TCP uses slow start and multiplicative decrease to respond to network congestion or packet loss. When a packet is lost, the TCP window is cut in half and the back-off retransmission timer is increased exponentially. Wireless is subject to packet loss due to interference issues and TCP reacts to this packet loss. A slow start recovery algorithm is also used to avoid swamping a connection when recovering from packet loss. The effect of these algorithms in a lossy network environment is to lessen the overall throughput of a traffic stream.
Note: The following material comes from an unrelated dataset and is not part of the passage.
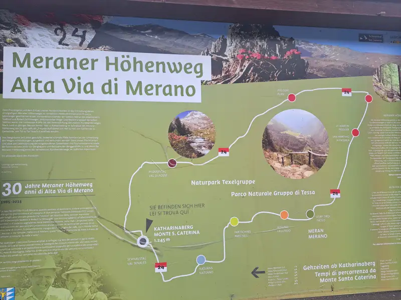 Mit einem letzten Blick über das weite Spronsertal und die Gipfel der Texelgruppe startet wir zu unserer letzten Etappe. Wir folgen dem Bockersteig, der uns auf den Tiroler Höhenweg führt. Nach wenigen Kilometern erreichen wir den Mutkopf (1.664 m) und gönnen uns am Berggasthaus eine Erfrischung mit Panoramablick. Wir steigen weiter ab, machen ein letztes Foto an der runden Aussichtsplattform am Gasthaus Steinegg, bevor mit der Hochmuthbahn ins Tal und zum Ausgangspunkt unserer Tour gelangen.

By default, the maximum segment size (MSS) of TCP is 1460 bytes, which results in a 1500-byte IP datagram. TCP fragments any data packet that is larger than 1460 bytes, which can cause at least a 30-percent throughput drop. In addition, the controller encapsulates IP datagrams in the 48-byte CAPWAP tunnel header as shown in Figure 1. Any data packet that is longer than 1394 bytes is also fragmented by the controller, which results in up to a 15-percent throughput decrease.